Can anything be done/should anything be done, about this? Does it matter?
It would seem my appallingly pro-decency view of this is an outlier. But what the hell. I still think that there could and maybe should be some accounting for cheating or deception or cynicism; ideally calibrated to work against its most offensive forms. I do not accept, friends, that it’s okay to set out to (for example) get a penalty. However laughably out-of-touch it may seem, in the face of relentless acquiescence around behaviours that may be lawful but patently awful, I advocate a fightback.

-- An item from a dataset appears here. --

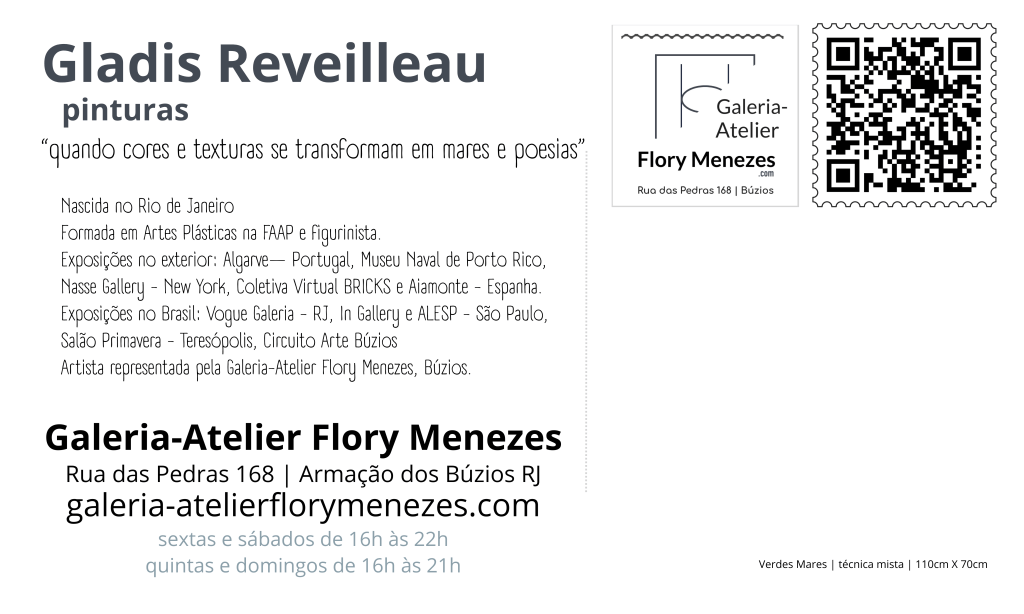 Artista representada pela Galeria-Atelier Flory Menezes, Búzios.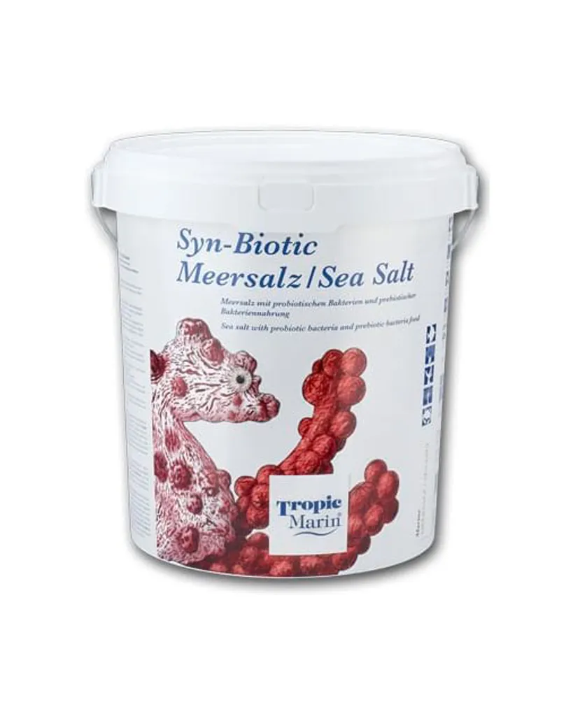 Tropic Marin Syn-Biotic Sea Salt is a pharmaceutically pure sea salt with probiotic bacteria and prebiotic bacteria food. The new Tropic Marin Syn-Biotic Sea Salt contains probiotic bacteria for fish and shrimp and special prebiotic bacteria food to promote probiotic bacterial growth and to create low-nutrient conditions in the aquarium for LPS and SPS corals.

Note the cheating – log it and/or tot it up. Significantly publicise the results: in short, call out these Clever Clever People.

Fans know who the cheats are, or what cheating is – even if their tribalism excuses the naughtiness from their players in the moment. Keane knows exactly what Paquetta has done but thinks that the defender was clumsy in the miliseconds before and probably made contact, despite trying not to. Therefore he goes along with the decision. Simultaneously, he think it reeks… and I can live that… because these things are complex.

There’s an acceptance by some that strikers are entitled to seek contact even if they move arms/feet/legs ‘un-naturally’ to achieve it. Others – like me – think both the idea of that entitlement and the practise of engineering contact are shit. A player’s intention can of course be open to interpretation: it’s therefore ver-ry tough to prove that Kane or Zaha faked or dived, but this can be accounted for by intelligent witness and by noting or scoring the transgressions skilfully. So for example Paquetà gets a debit mark for ‘seeking and adjusting to attract contact and obvious exaggeration, with dive’. Or similar. The heaviest and most heinous examples of whatever kind of crap get the strongest response… from our unashamedly Moral Authorities.

In my happier daydreams stuff like this really happens. Weekly reports are drafted and a league table of scheissters produced. There are even penalties – I mean real ones! Not financial, obvs, they mean nothing. Games missed and a certain level of public humiliation. A calling-out.

You with me? 🤨

*Wonders aloud*: would the Premier League pay me & a couple of others to grade matches for Sporting Behaviour (or whatever they wanted to call it?) A wee panel, covering every game; noting miscreants.